При этом он сентиментально закрывал глаза и почему-то смотрел на дверь. У Полковского появилось странное ощущение: ему казалось, что немец чего-то боится.

— Все это естественно, — холодно сказал он. — Мы помогли в несчастье женщинам и детям. На моем месте вы бы то же сделали.

— О, та, — говорил немец, косясь на дверь. — Шеловешность преште всего, но ви и ваши моряки сделали нефосмошное. Я буду делать заявлений на фатерлянд о феликотушний рюсский моряки.

Полковскому сделалось тоскливо. Он перестал улыбаться и поставил рюмку. Тэпке опять взглянул на него и тотчас же торопливо поднял рюмку, льстиво улыбнулся и, встав с кресла, произнес:

— За храбрый рюсский моряк, который умираль, делая спасение женщины и маленький дети!
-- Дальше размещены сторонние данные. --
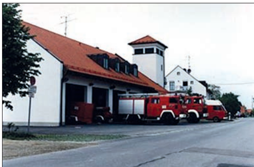
Das neue Gerätehaus im Jahr 1993 mit den damaligen Fahrzeugen.

Fahrzeugausrüstung (u.a. dem in 1993 neu beschafften LF 16/12) wurde von der Gemeinde Vierkirchen die Grundlage für eine effektive Arbeit der Feuerwehr geschaffen. Durch die deutlich verbesserten Bedingungen wird die Instandhaltung der Geräte erleichtert, das ge-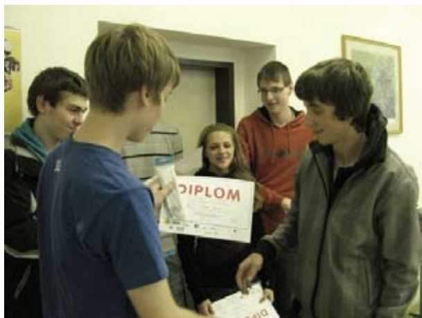
pišQworky, oblastní kolo, Sedlčany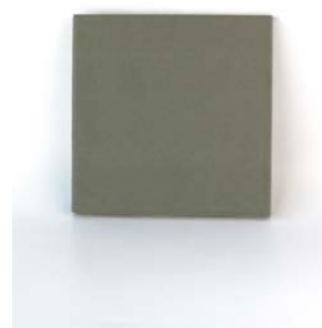
Sage 12 x 12 cm - 4.7" x 4.7" 1,3 x 12 cm - 0.6" x 4.7"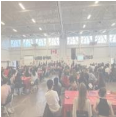
运动员、教练、赞助商和社区成员参加星期二晚上在主体育馆举办的年度体育宴会。

还要感谢我们的每一位教练、赞助商、经理和志愿者，你们的工作非常有价值，为我们学校的学习社区做出了令人难以置信贡献！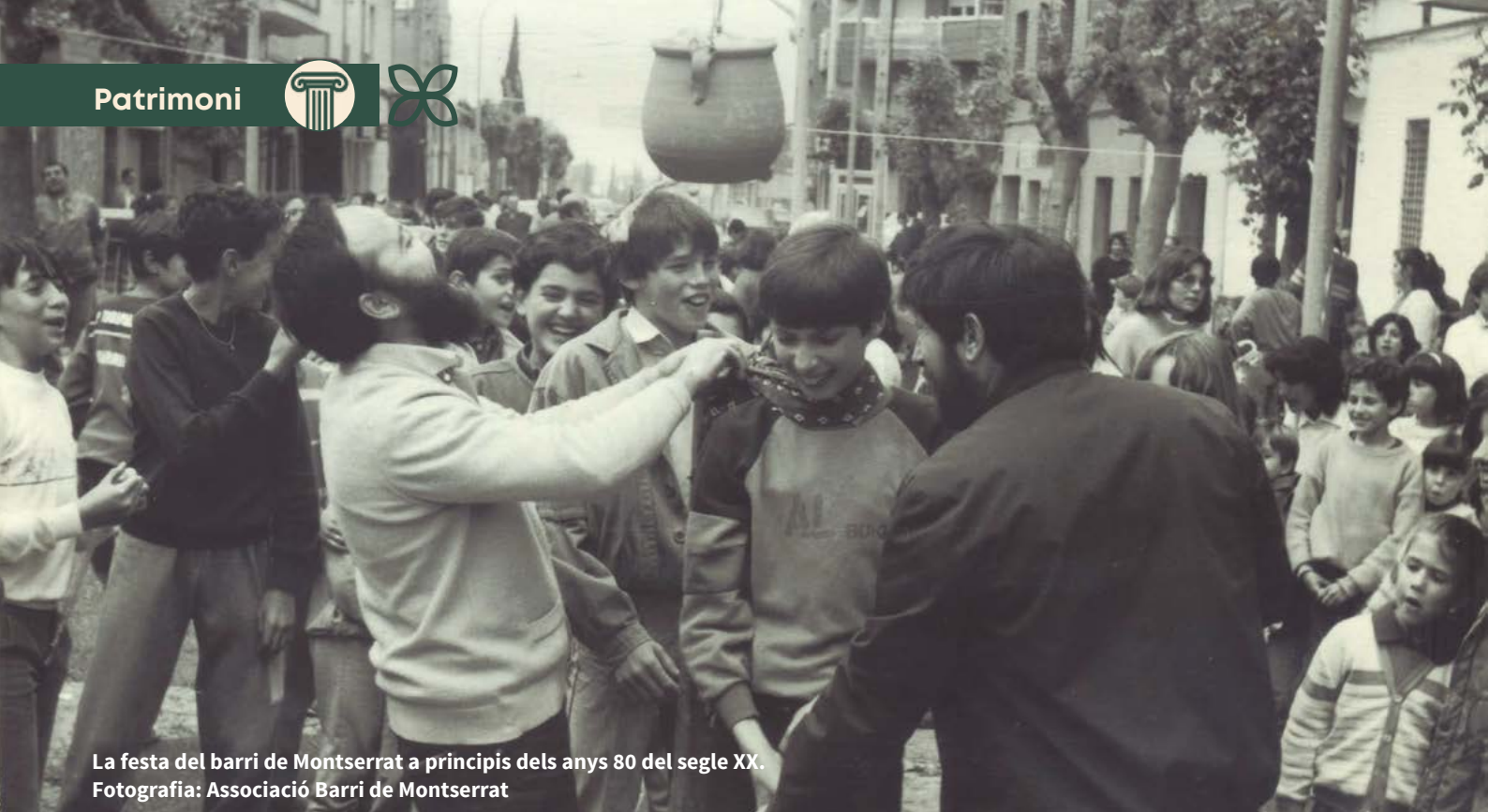
La festa del barri de Montserrat a principis dels anys 80 del segle XX.

В это время в дверь постучали, и Полковский облегченно вздохнул: можно не пить, Вошел вахтенный штурман и отозвал капитана в сторону. Тэпке побледнел, посмотрел на часы, переглянулся со своими спутниками. Когда Полковский, извиняясь, вернулся к столу, Тэпке встал, заискивающе улыбнулся и сказал:

— Я буду просить делать нам люпесность и показать наши спасенный души.

Он хихикнул. Полковский, довольный, что может освободиться от приторной благодарности немца, с охотой согласился, пропустил немцев вперед, провел их на бак, потом по узкому трапу в помещения команды, которые почти все были заняты спасенными женщинами и детьми.
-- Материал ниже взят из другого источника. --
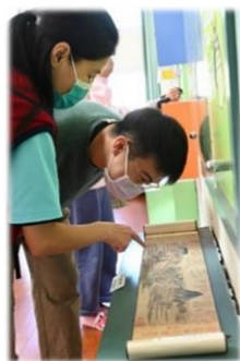
感謝志工協助導覽、詳細說明。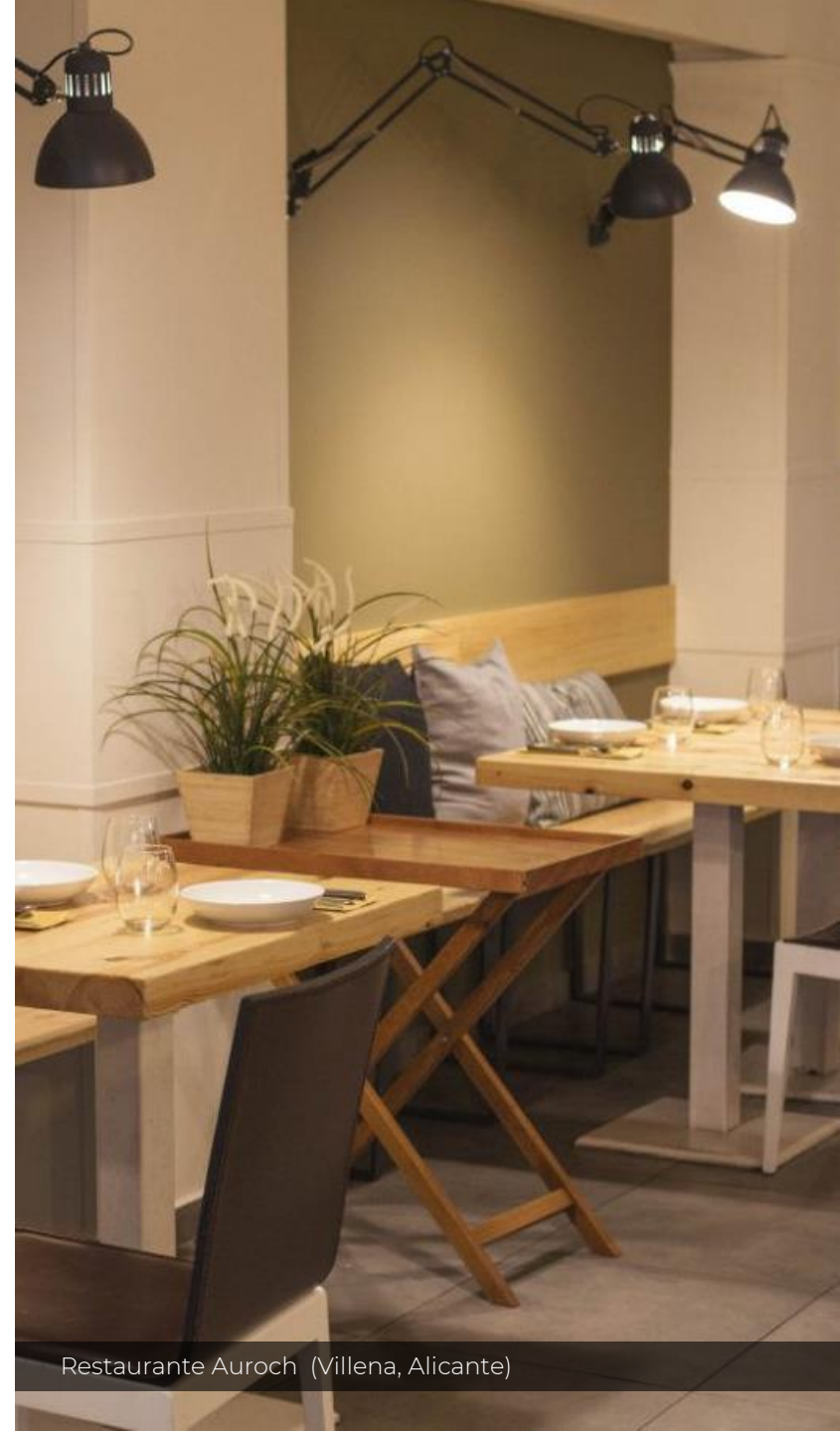
Restaurante Auroch (Villena, Alicante)

В первой каюте находились немолодая немка, уже пришедшая в себя после пережитого страха и опасности, и мальчик. Они аппетитно поедали масло с хлебом и яичницу, принесенные им Марусей. Мальчик пил какао. При виде немецкого капитана женщина перестала есть и встала. Тэпке, казалось, не обратил на нее внимания, а умилялся гостеприимством, белыми подушками, завтраком и все что-то говорил о великодушии и доброте.
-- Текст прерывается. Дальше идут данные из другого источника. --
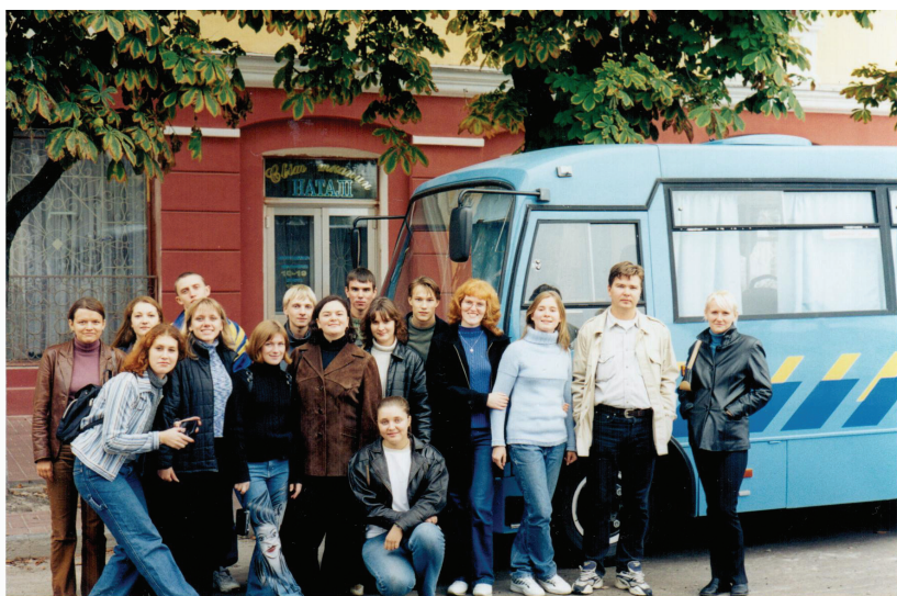
Екскурсія до Чернігова (вересень 2002 р.)

Обойдя все каюты, Тэпке остановился в коридоре и всплеснул руками, сокрушенно покачивая головой:

— О, ошень не добро.

— Что? — насторожился Полковский.

— Мой спасенный сделаль виселайт ваше команда.

— Это ничего, — ответил Полковский, подымаясь на палубу вслед за немцами. — Уже скоро порт.

Глаза немца блуждали под лицемерно опущенными веками. Он восторгался самоотверженностью русской команды и настойчиво говорил:

— Мы не можем зло потребляйть ваше феликодушие.

— Вот же берег, — недоумевал Полковский, показывая на иллюминатор, в который было видно море, голубое небо, маленький блик солнца и на горизонте — подернутую дымкой полоску земли. — Не больше трех часов ходу.

Но Тэпке смиренно просил; и опять Полковскому показалось, что немец чего-то боится. Полковский пожал плечами:

— Как хотите.

Тэпке обрадовался. Его круглое лоснящееся лицо покраснело от удовольствия, он горячо поблагодарил и вдруг заторопился: он попросил вызвать женщин и детей в коридор, потом грубо обратился к ним. Лицо его сделалось злым, маленькие глазки застыли. Слова как будто хлестали. Полковского поразила эта резкая перемена. Женщина с мальчиком испуганно слушали, но покорно стали собираться. Кончив говорить, Тэпке повернулся к Полковскому и заискивающе улыбнулся.

Раненых мужчин он увез на своем боте. На шлюпки, теперь уже спущенные без большого труда, посадили женщин, детей; и девять русских моряков перевезли их на сильно накренившийся, полузатопленный немецкий пароход.

Шлюпки вернулись без происшествий, их подняли на борт. Полковский дал полный ход, и «Евпатория» потянула за собой на толстом буксире изуродованный и беспомощный «Дейчланд».

В девять часов утра радист «Евпатории» подал капитану шифрованную радиограмму. По мере того как смысл радиограммы обнажался, беспокойство возрастало: текст был тревожный и непонятный.

«Капитану „Евпатории“ Полковскому, — писалось в ней, — где бы вас ни застала эта радиограмма зпт немедленно возвращайтесь назад зпт идите максимальной предосторожностью зпт прекратите передачу по радио тчк Мезенцев».

Было уже поздно: входили в порт.

Как только вошли в порт, немцы обрубили буксир, бросили якорь и просемафорили, что «Евпатория» им не нужна. Все это было проделано с грубой бесцеремонностью, оскорбившей Полковского и на минуту вытеснившей тревогу и недоумение.

— Не надо, — сказал он штурману, намеревавшемуся спросить, в чем дело.

А через час, когда на борт «Евпатории» прибыли турецкие власти и передали потрясающую весть, Полковскому, как и всей команде, стало понятно поведение немецких моряков. Полковский долго не мог прийти в себя. Он был потрясен и ошеломлен коварством. Потом он всем сердцем почувствовал, что произошло что-то ужасное, непоправимое.